Entscheidungsstichwort (Thema)
Bislang fehlende zeitliche Grenze zur Bestimmung der vorübergehenden Entleihung. Fehlender nationaler Anspruch auf Abschluss eines Arbeitsvertrages bei nicht nur vorübergehender Entleihung
Leitsatz (amtlich)
Dem Europäischen Gerichtshof werden folgende Fragen zur Auslegung der Richtlinie 2008/104/EG des Europäischen Parlaments und des Rates vom 19.11.2008 über Leiharbeit (Leiharbeitsrichtlinie) vorgelegt:
1. Ist die Überlassung eines Leiharbeitnehmers an ein entleihendes Unternehmen schon dann nicht mehr als "vorübergehend" im Sinne des Artikel 1 der Leiharbeitsrichtlinie anzusehen, wenn die Beschäftigung auf einem Arbeitsplatz erfolgt, der dauerhaft vorhanden ist und der nicht vertretungsweise besetzt wird?

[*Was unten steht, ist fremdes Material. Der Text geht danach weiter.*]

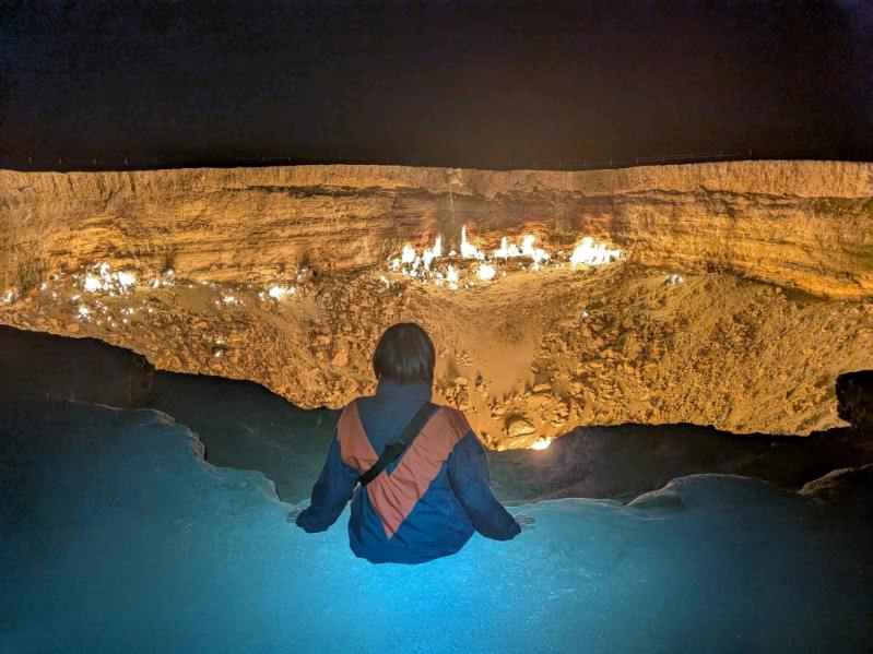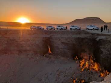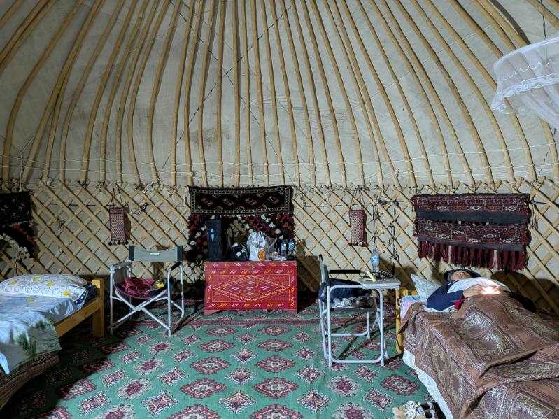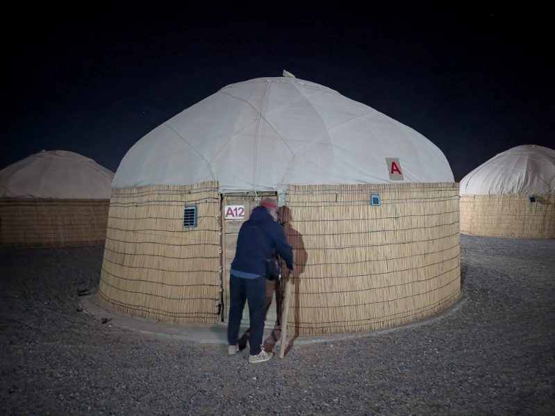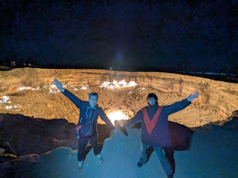 その後4WD5台に分乗しランチ(中華料理)を食べ、レメク・ハニブ廟、スルタン・タケシュ廟、クトルグ・チムール・ミナレット等を観光し、既に道路とは呼べない穴ばかり空いている悪路をアクロバットに避けながら一路”地獄の門”を目指し度々片手運転140キロのスピードで疾走。予定では5時間、我々は1号車であと1時間位というところで4号車5号車が来ず、携帯も繋がらず理由も分からないまま暗闇と蛾が飛び交う中45分待機、後で聞いたらパンク修理をして時間ロスと。ようやく5台揃って地獄の門に到着したのは10時過ぎでした。その後”海の家”のようなバラックでバイキングの夕飯をさっさと食べ、テント泊の予定がモンゴルのゲルのような2人用”ユルタ”に宿泊(トイレ外)。寝る準備をして、寒さ対策とヘッドランプを装着し真っ暗闇の中二人で歩いて5-6分の地獄の門を再訪、まだそこそこ観光客もいて・・・。往時ほど炎・火焔はないものの暗闇の中迫力満点でした。H J N R S ㉒ ㉔ ㉕ ㉖
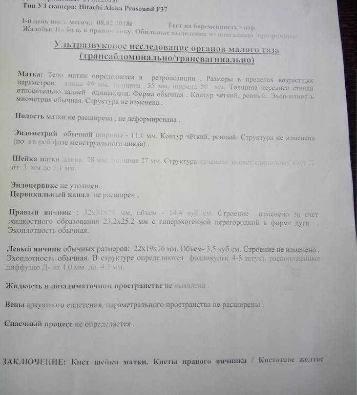 да я сама в шоке от этой узистки.....вот, в пятницу будет прием у моего гинеколога. а кисты у вас какие были размером? я так боюсь,что она большая
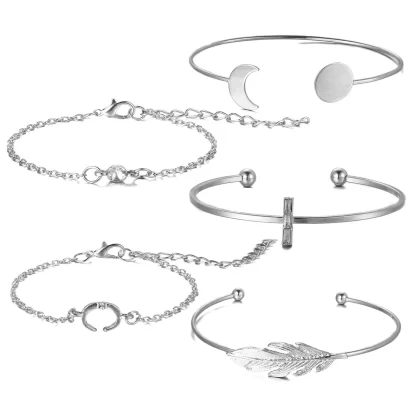 | nameOriginal | Open bracelet set with rhinestones, feathers, round open bracelet, leaves, sun and moon bracelet set |

2. Ist die Überlassung eines Leiharbeitnehmers unterhalb einer Zeitspanne von 55 Monaten als nicht mehr "vorübergehend" im Sinne des Artikel 1 der Leiharbeitsrichtlinie anzusehen?

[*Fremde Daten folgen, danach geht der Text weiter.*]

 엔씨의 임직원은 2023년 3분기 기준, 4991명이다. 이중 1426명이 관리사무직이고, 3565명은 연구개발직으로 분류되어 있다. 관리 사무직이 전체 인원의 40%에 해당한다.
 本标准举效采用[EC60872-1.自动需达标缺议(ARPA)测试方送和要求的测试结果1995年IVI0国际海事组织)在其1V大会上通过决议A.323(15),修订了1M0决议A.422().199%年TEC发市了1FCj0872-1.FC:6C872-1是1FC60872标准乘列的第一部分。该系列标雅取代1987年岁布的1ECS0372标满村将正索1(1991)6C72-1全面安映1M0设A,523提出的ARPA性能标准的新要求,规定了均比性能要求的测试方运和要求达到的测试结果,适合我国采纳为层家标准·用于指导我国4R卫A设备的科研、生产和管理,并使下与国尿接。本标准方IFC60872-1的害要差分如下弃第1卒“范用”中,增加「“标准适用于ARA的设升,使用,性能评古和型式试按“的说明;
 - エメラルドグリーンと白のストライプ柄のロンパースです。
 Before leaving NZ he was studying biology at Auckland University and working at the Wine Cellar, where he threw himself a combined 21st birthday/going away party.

3. Falls die Fragen zu 1. und/oder 2. bejaht werden, ergeben sich folgende Zusatzfragen:
3.1. Besteht für den Leiharbeitnehmer ein Anspruch auf Begründung eines Arbeitsverhältnisses mit dem entleihenden Unternehmen, auch wenn das nationale Recht eine solche Sanktion vor dem 01.04.2017 nicht vorsieht?
3.2. Verstößt eine nationale Regelung wie § 19 Absatz 2 AÜG dann gegen Artikel 1 der Leiharbeitsrichtlinie, wenn sie erstmals ab dem 01.04.2017 eine individuelle Überlassungshöchstdauer von 18 Monaten vorschreibt, vorangegangene Zeiten der Überlassung aber ausdrücklich unberücksichtigt lässt, wenn bei Berücksichtigung der vorangegangenen Zeiten die Überlassung als nicht mehr vorübergehend zu qualifizieren wäre?
3.3. Kann die Ausdehnung der individuellen Überlassungshöchstdauer den Tarifvertragsparteien überlassen werden? Falls dies bejaht wird: Gilt dies auch für Tarifvertragsparteien, die nicht für das Arbeitsverhältnis des betroffenen Leiharbeitnehmers, sondern für die Branche des entleihenden Unternehmens zuständig sind?
Normenkette
RL 2008/104/EG Art. 1-2, 6; AÜG § 1 Abs. 1b, § 19 Abs. 2; ZPO § 148
Verfahrensgang
ArbG Berlin (Entscheidung vom 08.10.2019; Aktenzeichen 8 Ca 7829/19) |
Tenor
I. Der Rechtsstreit wird bis zu einer Entscheidung des Europäischen Gerichtshofs ausgesetzt.
II. Dem Europäischen Gerichtshof werden folgende Fragen zur Auslegung der Richtlinie 2008/104/EG des Europäischen Parlaments und des Rates vom 19.11.2008 über Leiharbeit (Leiharbeitsrichtlinie) vorgelegt:
1. Ist die Überlassung eines Leiharbeitnehmers an ein entleihendes Unternehmen schon dann nicht mehr als "vorübergehend" im Sinne des Artikel 1 der Leiharbeitsrichtlinie anzusehen, wenn die Beschäftigung auf einem Arbeitsplatz erfolgt, der dauerhaft vorhanden ist und der nicht vertretungsweise besetzt wird?
2. Ist die Überlassung eines Leiharbeitnehmers unterhalb einer Zeitspanne von 55 Monaten als nicht mehr "vorübergehend" im Sinne des Artikel 1 der Leiharbeitsrichtlinie anzusehen?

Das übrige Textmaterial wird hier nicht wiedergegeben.